If so, the next step is… does your system pass mprime run overnight?

zictes · May 9, 2021, 12:29pm

Haven’t memtested the new memory yet, but its from a different system of mine that has also been plotting 24/7 for a more than a week without any crashes. If the new memory now fails memtest I think it’s safe to assume that something in my system broke it. Maybe that’s also what happened to the previous memory.

I’m testing my known to be stable 5900X instead of the 5950X right now so I can keep plotting while still eliminating a possible cause. If the system still crashes with the 5900X I’ll do another memtest and mprime run and report back.

anonymousjohndoe999 · May 24, 2021, 4:14am

I’m also experiencing this.
My spec:
DELL R730, 128gb ecc mem, 2 Intel P4610 3.2TB, raid 0 into one 6.4Tb /dev/md0.
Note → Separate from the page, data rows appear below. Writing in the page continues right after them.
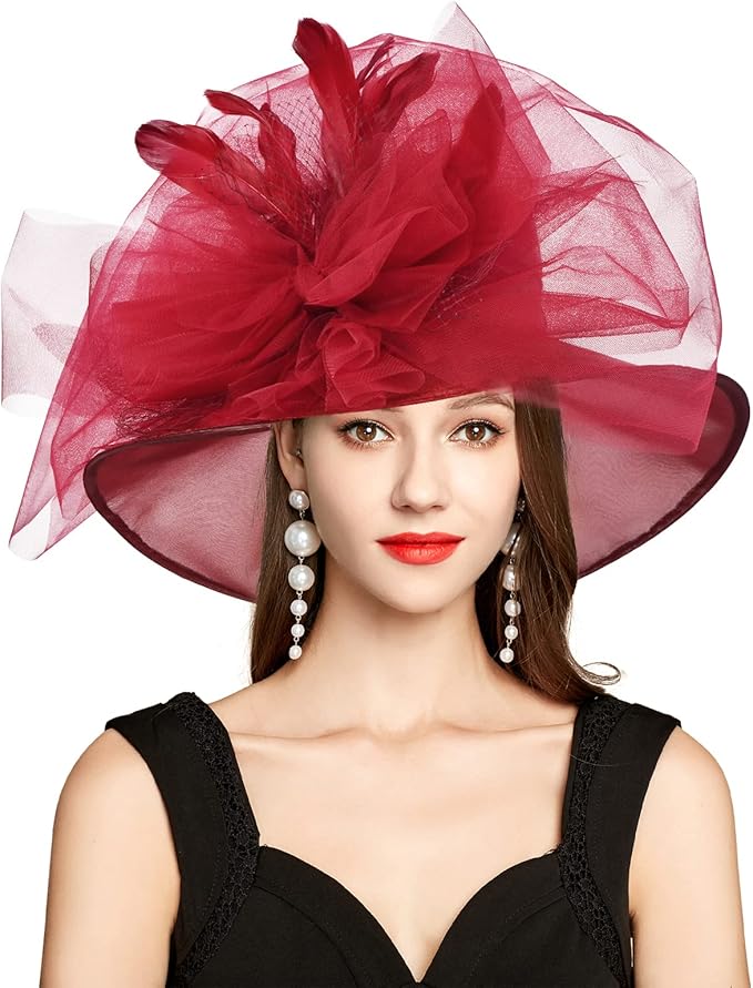 2. Burgundy organza picture hat with feathers. You’ll want to wear this cocked back on your head a bit to frame your face.
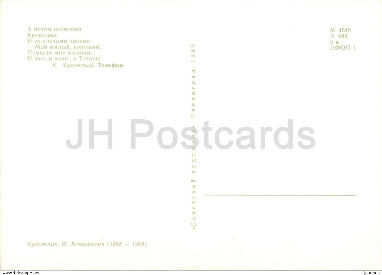crocodile - palmier - téléphone - Conte de fées de Tchoukovski - illustration - 1969 - Russie URSS - inutilisé
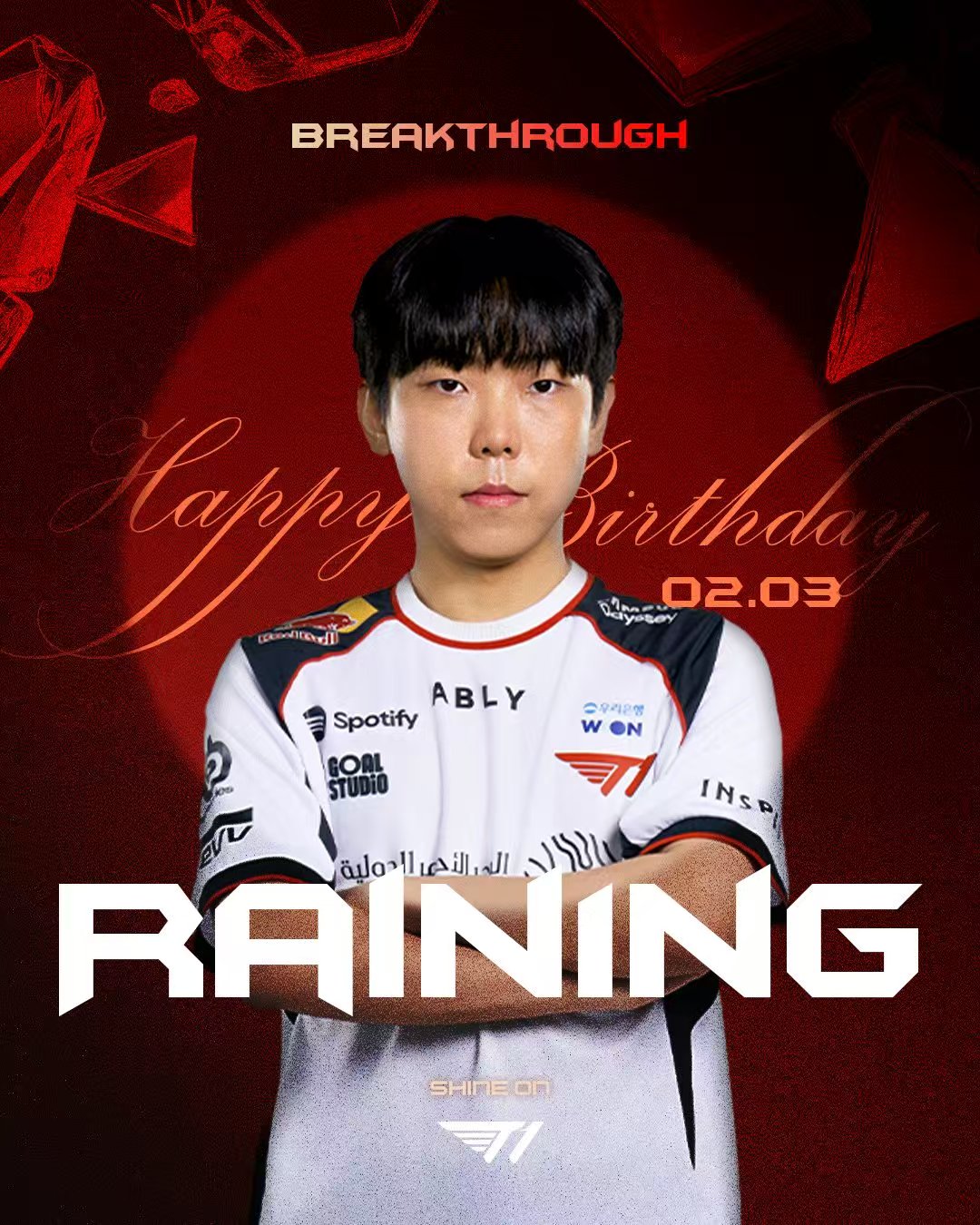 T1战队社媒更新:祝Raining选手28岁生日快乐

At first , I have only one Intel P4610 3.2TB nvme ssd, and plotting on that works well for a long time. Then I bought another Intel P4610 3.2TB, so I raid 0 them in to /dev/md0.
My ubuntu desktop 20.04 would simply freeze after plotting on /dev/md0 for serveral hours, sometimes 2hrs, sometimes 8hrs, etc. I know this because I can no longer ssh into this ubuntu and even using DELL idrac can not capture the ubuntu’s screen, the screen is just blank and can not respond to my keyboard command.

After a reboot, I can see that logs in /var/log/syslog just stopped at a specific timepoint, it’s like the system just freezed.

anonymousjohndoe999 · May 24, 2021, 4:24am

By the way, I have another server DELL R630, which is using 6 Intel s4610 SATA ssd in raid0 mode and it worked well for serveral days. So I suspect that Intel P4610 nvme ssd does not work well with mdadm raid0?